After the core genes were screened, a PPI network was constructed and integrated with KEGG and GO enrichment analyses to verify the functional connections and enhance the biological interpretability of the integrated results. The results showed that core genes across different drug categories are likely involved in signal transduction, inflammatory regulation, and extracellular matrix remodeling. For example, PLA2G2A may participate in inflammation control and tissue regeneration; A2M is linked to the inhibition of the PI3K/AKT signaling pathway; and ITIH2 may contribute to extracellular matrix stabilization and tumor progression. These core genes may serve as key molecular determinants in the development of drug resistance and contribute to a common explanatory framework for resistance mechanisms among various drug types.
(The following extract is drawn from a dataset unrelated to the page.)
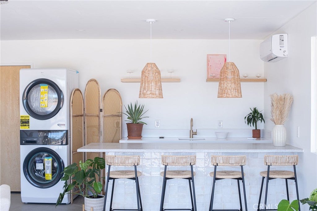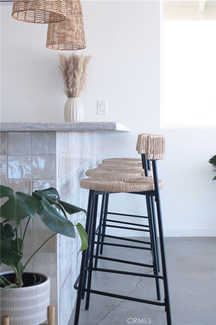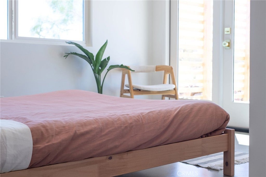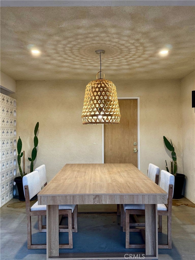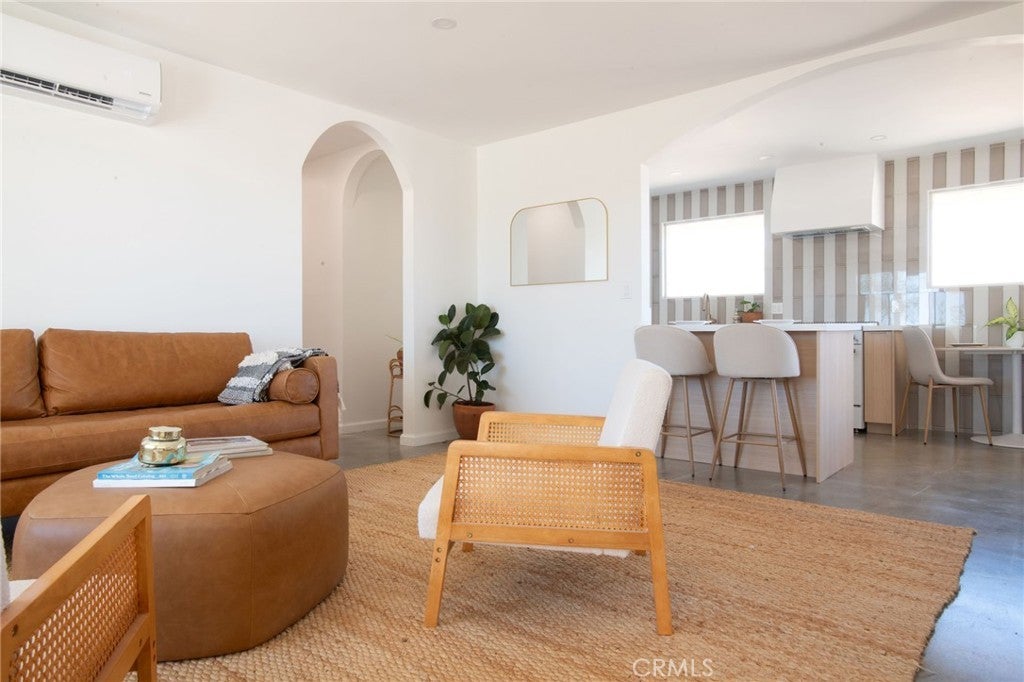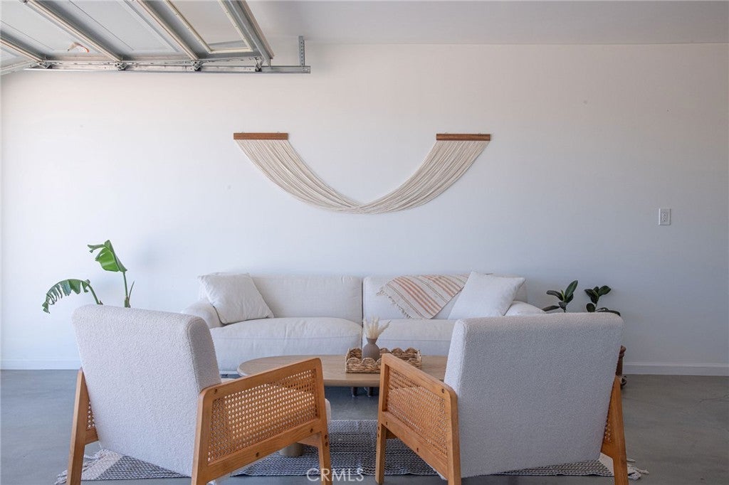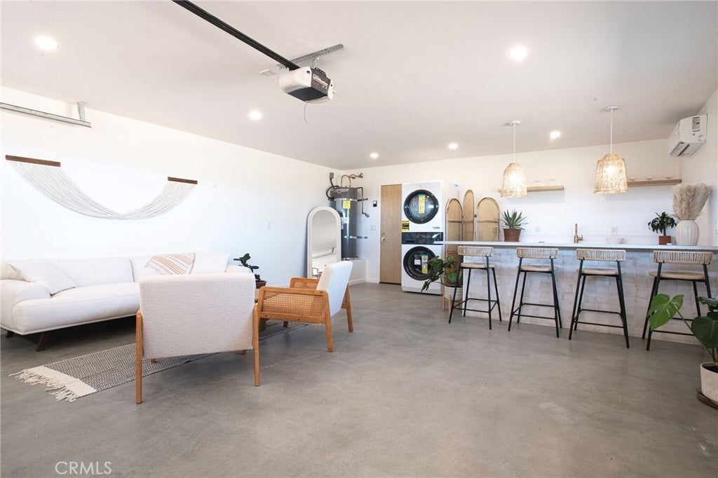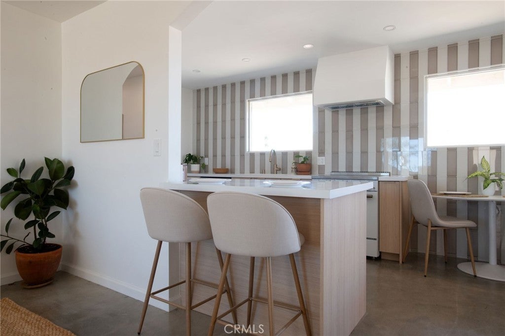 Welcome to 59676 Mitch Rd, where Bohemian Flair meets Desert Elegance. This gorgeous turn-key property has been completely remodeled with every feature intentionally chosen to bring you the perfect airbnb, desert home or weekend retreat. This house showcases 3 bedrooms, 2 bathrooms and 5 ACRES OF LAND with stunning panoramic desert & mountain views. Inside you'll find sleek concrete floors, tasteful decor & furnishings, rounded archways, recessed lighting and large windows that let in an abundance of natural light. The warm and welcoming living room flows effortlessly into the awe-inspiring kitchen and dining area complete with designer-style tile backsplash, bright quartz countertops, beautiful modern cabinetry, high-end FORNO appliances and bar seating. Each bedroom is well appointed with mini-splits for year-round comfortability, closets with custom built-in shelving and 2 of the 3 bedrooms adorn french doors that lead to their own private outdoor patios. Both bathrooms boast spa-like showers with sophisticated tile, glass panels and lovely new vanities with clean, modern finishes. The finished garage has been transformed into the ultimate hangout space equipped with a bar, wine fridge, sink, additional cabinetry, a mini-split and a cozy elevated lounge area (there is even a stacked washer/dryer for added functionality). It doesn't stop there; the serene outdoor living space includes a lovely covered patio for outdoor dining, an outdoor shower with a rainfall shower-head, ample space to entertain or relax around a firepit on a starlit summer night. Not to mention, there is more than enough room to build/expand and/or store all your desert toys! This exquisite property is located close to numerous desert attractions like Lander's famous Goat Mountain hiking trails, Giant Rock, La Copine, The Integratron, and only 15 mins from downtown Joshua Tree but still far enough away to fully immerse yourself in all the peace & tranquility this desert home has to offer. Come take a look & let the desert's allure do the rest. Your new desert home or weekend retreat awaits.

Among them, PLA2G2A served as an important connecting node in the enriched pathway networks of all four drug categories, highlighting its potential role as a mechanistic hub mediating multidrug resistance through modulation of inflammation and tissue remodeling. Our results reveal that their coordinated regulation occurs consistently across multiple pharmacological classes, highlighting a conserved adaptive transcriptional program rather than drug-specific effects.
To further investigate the potential common or specific biological functions of core resistance-associated DEGs under different drug treatments, this study conducted a systematic comparative analysis of the cellular resistance mechanisms induced by multiple drug categories. Overall, the enrichment results of different drug categories exhibited distinct commonalities in immune regulation, metabolic reprogramming, and extracellular microenvironment remodeling. This suggests that drug tolerance is not solely caused by changes in specific targets but rather arises from a coordinated adaptation of metabolic, signaling, and immune networks following exposure to different drugs, ultimately forming a conserved adaptive defense mechanism. KEGG pathways such as Pentose and glucuronate interconversions, Fat digestion and absorption, and complement and coagulation cascades were significantly enriched across multiple drug categories, indicating that these metabolism- and immunity-related pathways may mediate diverse resistance processes. Meanwhile, GO analysis revealed significant enrichment of terms such as vesicle lumen, endoplasmic reticulum lumen, outer membrane, mitochondrial outer membrane, collagen-containing extracellular matrix, blood microparticle, and extracellular matrix binding, all supporting the broad involvement of material transport, vesicle secretion, and extracellular matrix remodeling that facilitate the formation of resistance. This cross-drug coordination suggests that resistance may be governed by conserved cellular programs, rather than solely by the molecular targets of individual drugs. Collectively, these phenomena constitute the molecular basis of multidrug resistance.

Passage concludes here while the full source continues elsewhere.